Mr P talks sense, but to be honest I dont agree, spend as little as possible... over £50 on a 4year olds bike is nuts... my brother got his son a specialized and he is 3.5!!

I got my son a 14" wheel bmx from halfords (shhhh!) put it together myself (that bit is important as its halfords we are talking about)... he got really frustrated for ages and gave up for months then one day he went out in the garden on his own and just tried and tried and got it. The bike will get dropped and bashed about as they fall off alot! once they have got it then get a decent ish mtb or something when they can ride without crashing and learn to respect and care for the bike... It may be worth checking out boot fairs too, he is four so not going to make a difference if its a spesh, trek or from isla bikes... 

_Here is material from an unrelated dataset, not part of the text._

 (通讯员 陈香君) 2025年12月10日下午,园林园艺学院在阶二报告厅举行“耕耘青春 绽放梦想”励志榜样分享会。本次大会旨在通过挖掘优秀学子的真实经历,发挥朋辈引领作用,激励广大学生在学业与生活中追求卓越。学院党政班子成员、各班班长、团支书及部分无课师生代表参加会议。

I guess its your decision but for a learner bike get something cheap, then pay a bit more once they have learnt and actually need a few gears and decent brakes...


----------



## jay clock (12 Mar 2009)

+1 for Islabikes - amazing quality and will resell easily to "real" cyclist parents


----------



## Wigsie (12 Mar 2009)

jay clock said:


> +1 for Islabikes - amazing quality and will resell easily to "real" cyclist parents



I agree but are they not a relatively few and far between? and "real" cyclist parents (whatever that is) may want a new one...

Why dont you look for a second hand Islabike?


----------



## tyred (12 Mar 2009)

Surely, a car boot sale is worth a look. Children grow out of bikes very quickly at that age and a boot sale is a likely place for someone to dispose of their unwanted childs bike.


----------



## summerdays (12 Mar 2009)

From what I have heard/seen second hand Islabikes are few and far between and keep most of their value (which probably makes it easier to buy brand new or resign yourself to a long search)


----------



## summerdays (12 Mar 2009)

tyred said:


> Surely, a car boot sale is worth a look. Children grow out of bikes very quickly at that age and a boot sale is a likely place for someone to dispose of their unwanted childs bike.



And school fair's too (especially if you go to one where they would be at the age that they would have outgrown it - ie junior school for a bike for an infant) but you are at the mercy of what sort of bike they would buy so pick a school in a well off area.


----------



## atbman (13 Mar 2009)

Apart from the Islabikes recommendations. Well, there isn't anything apart from Islabike recommendations, apart from another Islabike.

However, teaching him to ride:
1. Take off pedals (whichever bike), remembering that the LH pedal has a LH thread, so undoes "wrong" way.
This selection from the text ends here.